Lovers: Kindred who believe that love can be eternal (if not entirely natural) might drink each other’s blood to form a mutual bond. They also recognize that their mutual bond protects them from ever becoming bound to anyone else: this alone can be powerful incentive to submit their wills to another Kindred they trust.
Such mutually bound Kindred become self-absorbed and hopelessly addicted to one another. To each other, they are everything. It’s the sort of love that almost always ends in tragedy. Kindred call this phenomenon “perversion,” for good reason. In some cities, perversion is illegal. Most couples committing the crime believe they’ll be able to hide it, but the signs are usually obvious. In most cities, it’s derided and chastised. Of course, what petty, self-serving society wouldn’t reject those able to rise above childish bickering in favor of (as the bound lovers see it) eternal companionship and happiness? A couple that doesn’t care about the barbed words of courtiers or the protocols of Elysium is more dangerous to the status quo than even the most radical Anarch.
Coteries: Many Kindred coteries engage in webs of mutual blood bonds with one another. These partial bonds can defuse conflict or mistrust among members (as well as seem less like a punishment if everyone participates), prove as well as secure the loyalty of newly-initiated members, or simply solidify existing fraternal bonds. The method to this is simple: every member takes one two drinks from everyone else, and the coterie grows closer together. Kindred youth have crudely dubbed this practice a “circle jerk.”

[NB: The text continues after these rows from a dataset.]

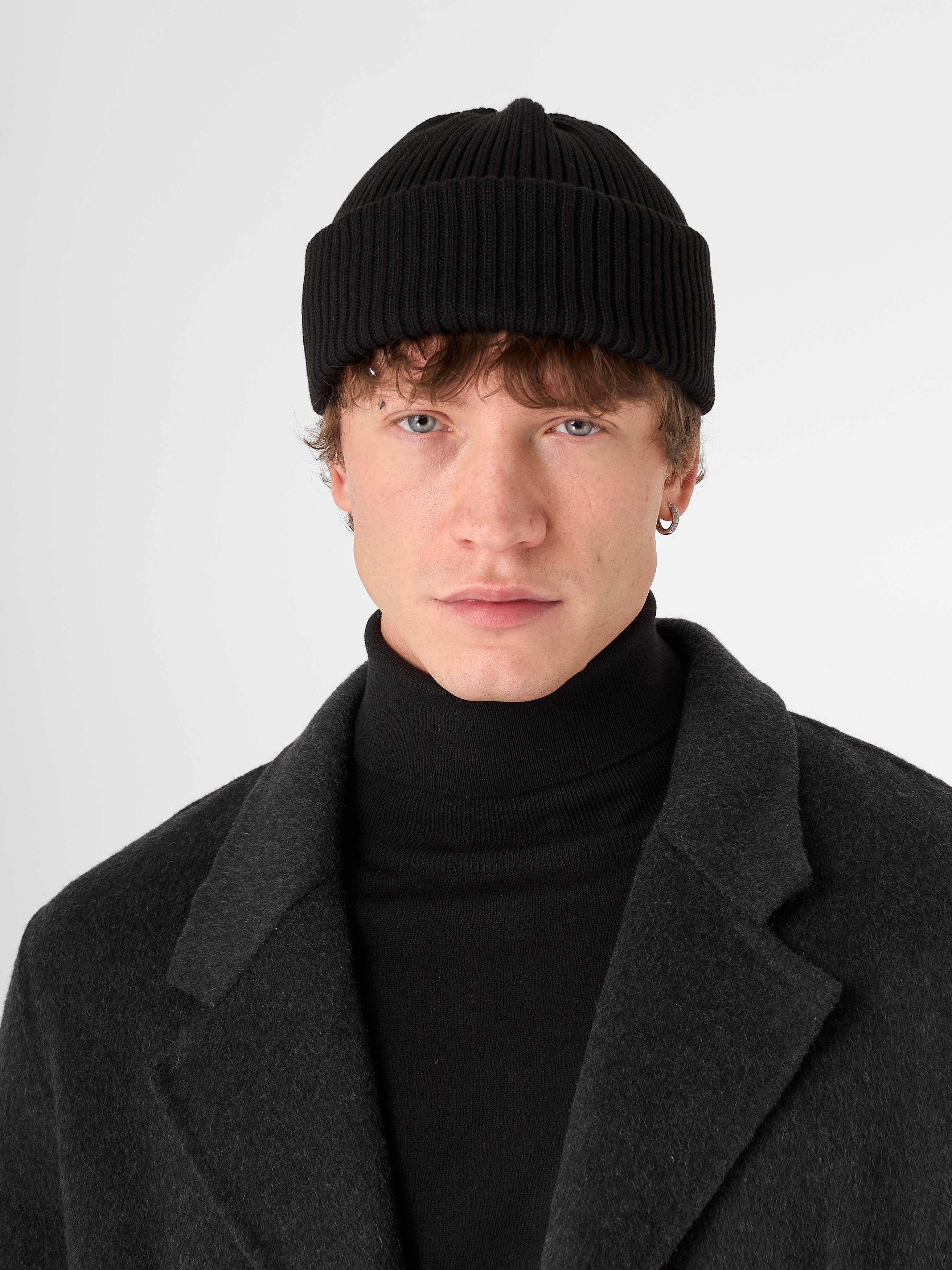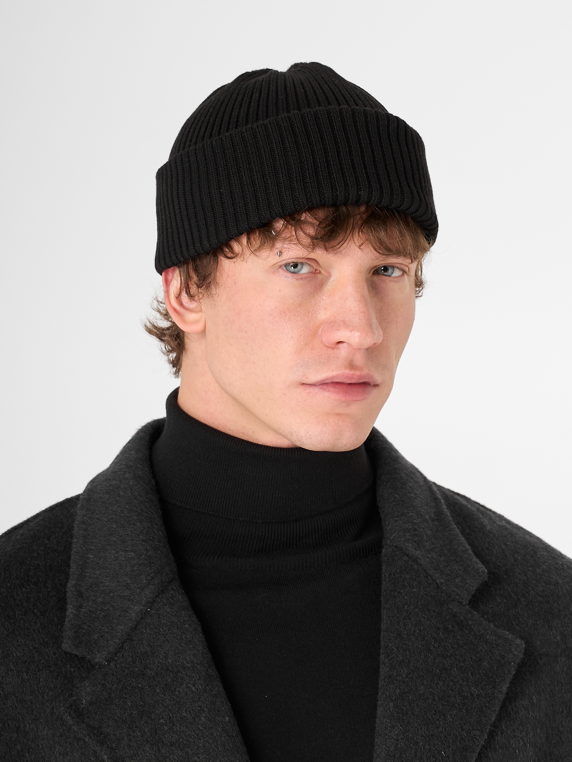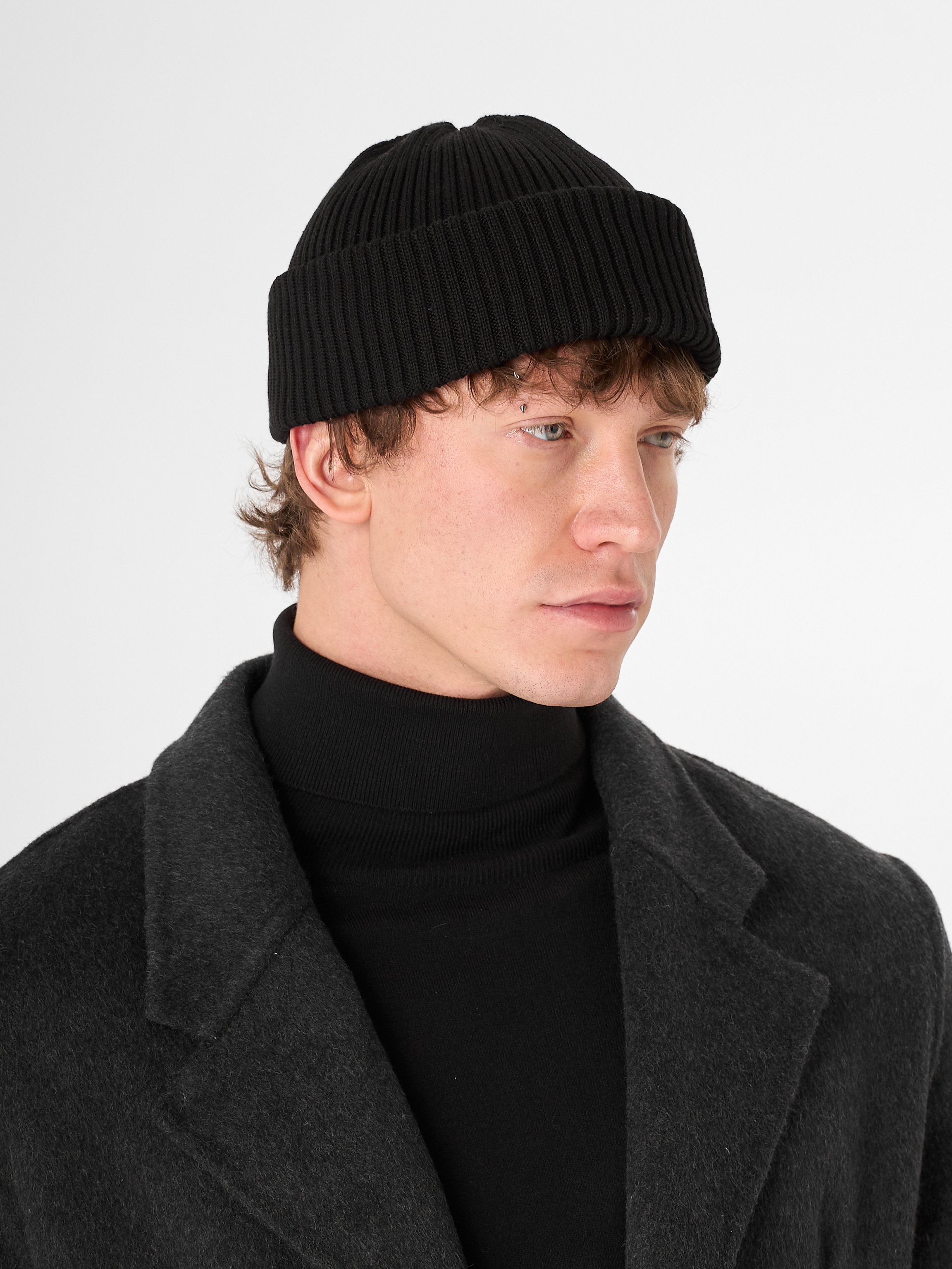 Хлопковая шапка-бини в рубчик в черном цвете.
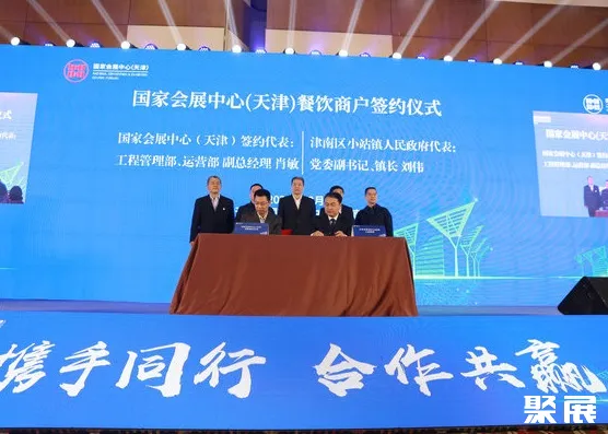 天津国家会展中心餐饮商户签约仪式于8日举行。仪式上,天津国家会展中心与津南区小站镇人民政府签署战略合作协议。同时,24家知名餐饮品牌企业签约入驻会展中心。(本文内容版权归属聚展所有,未经同意,禁止转发)
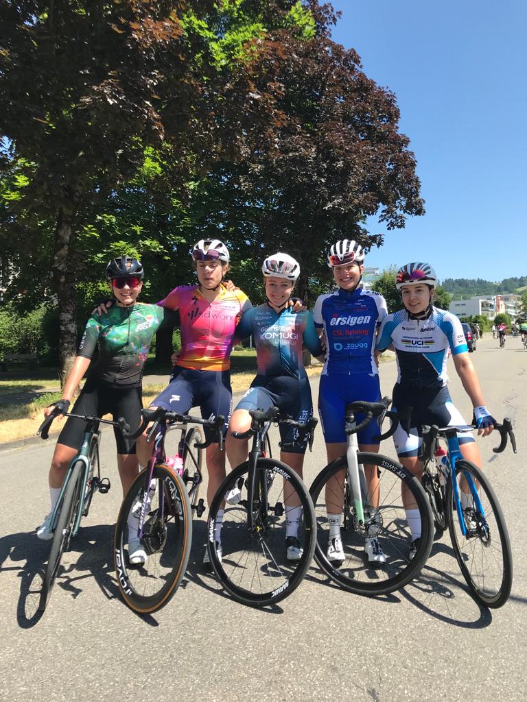 Nach kurzer Erholung standen am Wochenende bereits wieder die Schweizermeisterschaften im Strassenrennen in Wetzikon auf dem Programm. Die Strecke war hart, ein ständiges auf und ab, so dass das Feld der Elite Damen schon bald auseinander und in viele kleine Gruppen aufgeteilt wurden. Marlen vermochte sich immer in der Spitzengruppe zu behaupten und in der letzten von 5 Runden griff sie an, denn sie wollte es nicht auf einen Zielsprint ankommen lassen. So feiert Marlen nach dem Sieg an der Tour de Suisse auch einen Solosieg an der Schweizermeisterschaft und wurde Schweizermeisterin. In einer Verfolgergruppe kämpfte Jasmin Liechti um den Anschluss und beendete das Rennen auf dem starken 10. Rang, gefolgt von Fabienne Buri auf dem 14.Rang, Noelle Ingold (Solothurn) auf dem 22. Rang und Janice Stettler U23 (Ersigen) beendete das Rennen auf dem 23. Rang.
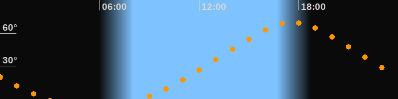 Höchster Stand (Kulmination)17:37 Uhr (h = 69,9°)
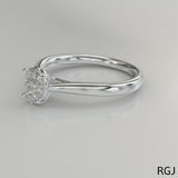 Hand-crafted in luxurious platinum, this gorgeous ring is set with a certificated 0.80ct oval cut diamond, E in colour, SI1 clarity, cradled into a four claw setting.
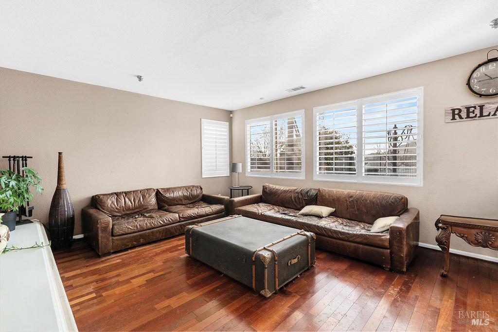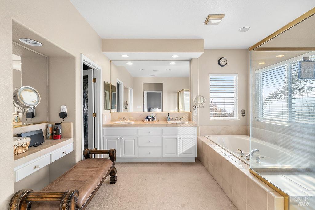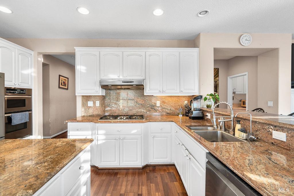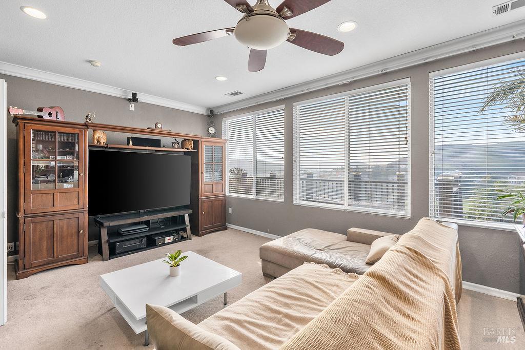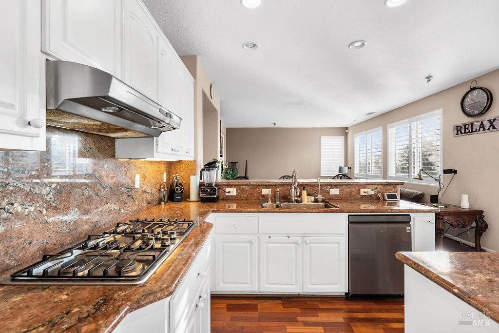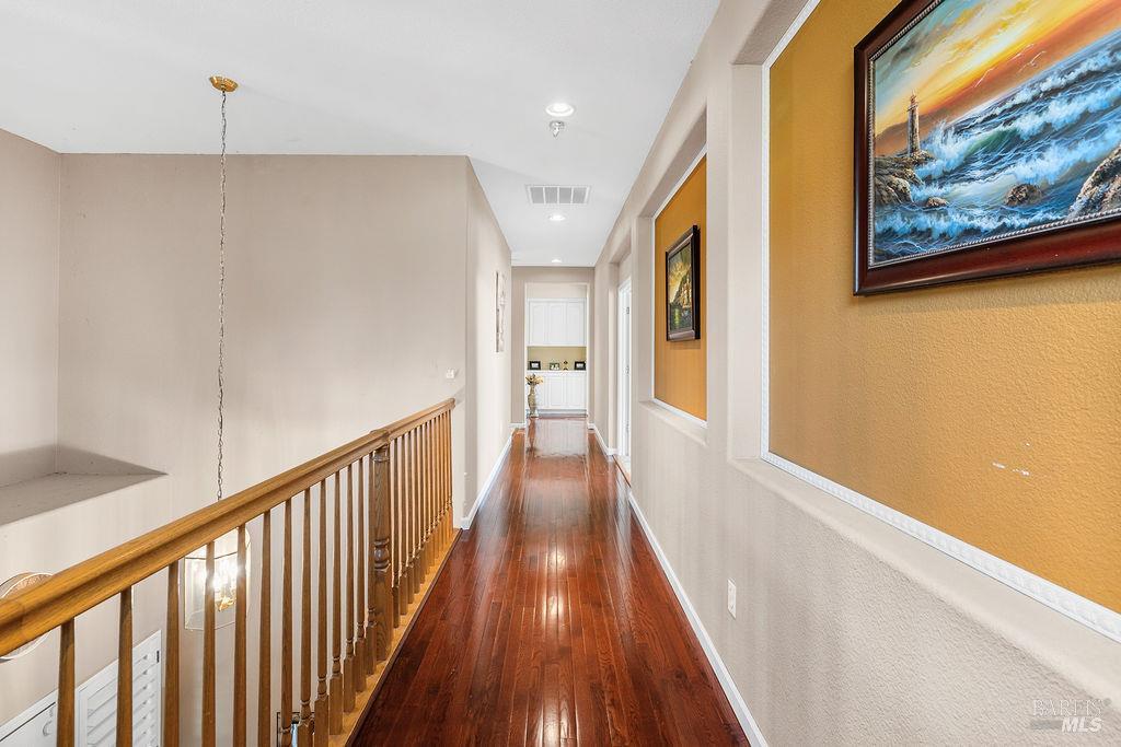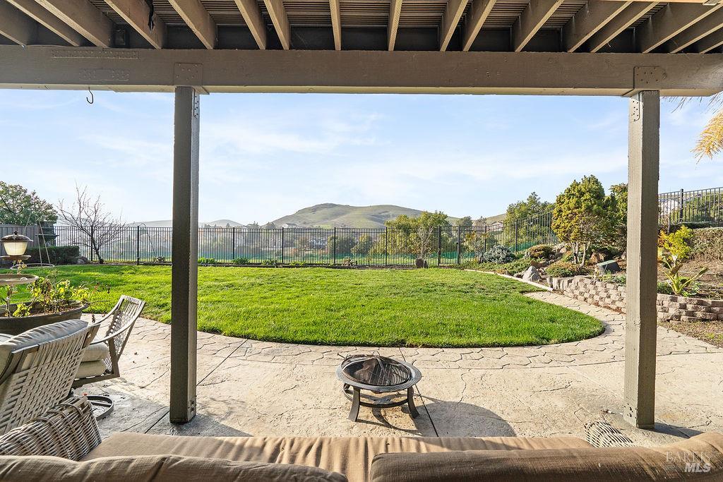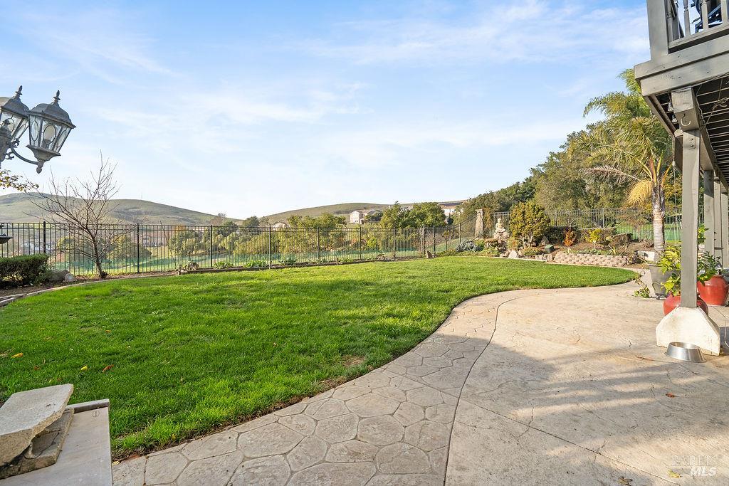 Welcome to resort-style living in the desirable Hiddenbrooke community! Tucked away at the end of a peaceful cul-de-sac, this home overlooks the canyon and offers stunning views of the Arnold Palmer-designed 16th hole and the surrounding natural hillside. This well-designed residence features 3,455 square feet of living space, including three bedrooms plus a versatile multi-purpose room. The kitchen boasts custom cabinetry, stone countertops, plantation shutters, stainless steel appliances, a bar-top counter, and a breakfast area with easy access to the outdoors. A separate formal dining room is highlighted by custom molding, French doors, and plantation shutters. Expansive rear windows fill the spacious living room with natural light and picturesque views. French doors with plantation shutters open to the outdoor patio, while the adjacent family room offers a cozy wood-burning fireplace with a custom mantel and built-in shelving. A full bath and a large laundry room with cabinets and a sink complete the main level. Upstairs, you'll find the generous multi-purpose room with built-in cabinetsideal for a home office or game room. The primary en-suite retreat includes a fireplace, soaking tub, glass-enclosed shower, dual vanities, and dual closets. Step outside onto your private deck to enjoy your morning coffee while taking in views of golfers and local wildlife. Outdoor living is equally inviting with nicely landscaped front and back yards, perfect for relaxing in the spa or grilling for guests. Additional features include a three-car garage with epoxy floors, finished walls, and built-in cabinets, leased solar, a water filtration system, and a tankless water heater. Enjoy Hiddenbrooke's golf course walking trails, The Mat Yoga Studio, J&O's specialty grocery store, and sweeping views of the surrounding hillsthis home truly offers the best of Hiddenbrooke living.

Much more rare is that coterie that completely bonds its members to one another. Since thralls can only be under full blood bonds to a single regnant, this requires one Kindred to bond themselves to a second Kindred, who bonds themselves to a third, who bonds themselves to the first (or the fourth, depending on how large the coterie is, who bonds themselves to another, and so on). The amount of trust required to enter into such an arrangement is considerable, and the results are all-too frequently painful for those involved, as they must spend much of their time watching the object of their affections fawn over someone else. Many coteries that attempt this process eventually tear themselves apart out of obsession and petty jealousy.
But the ones that make it work are terrifying forces to reckon with.
The Invictus: The First Estate tolerates the blood bond more than any other covenant does. Its elders see the blood oath as another tool by which they can rule over their juniors. In some cities, elders routinely blood bond their childer and all of their line (a practice that was even more widespread in the Middle Ages). In most cities, however, a sire is wary to do this, for princes do not like Kindred who love their sires more than they fear their rulers. Invictus elders accept such prohibitions because opposing them would turn too many Kindred against the covenant and would too blatantly contradict the covenant’s pretense of meritocracy.
The Other Covenants: The other covenants generally disapprove of blood bond, or at least their members say they do. The Order of the Dragon sees blood bonds as distractions, emotional baggage that diverts attention best focused elsewhere. The Lancea et Sanctum holds that Kindred should serve only God and Longinus. The Anarchs see blood bonds as the acme of elder tyranny, while the unaligned simply loathe submitting to anyone else. The Circle of the Crone merely notes that while Kindred should accept the blood bond as one more aspect of their existence, forcing a Kindred into a blood oath serves no spiritual purpose.
Political or spiritual dogma seldom prevents members of these covenants from blood bonding other Kindred when it suits their purposes.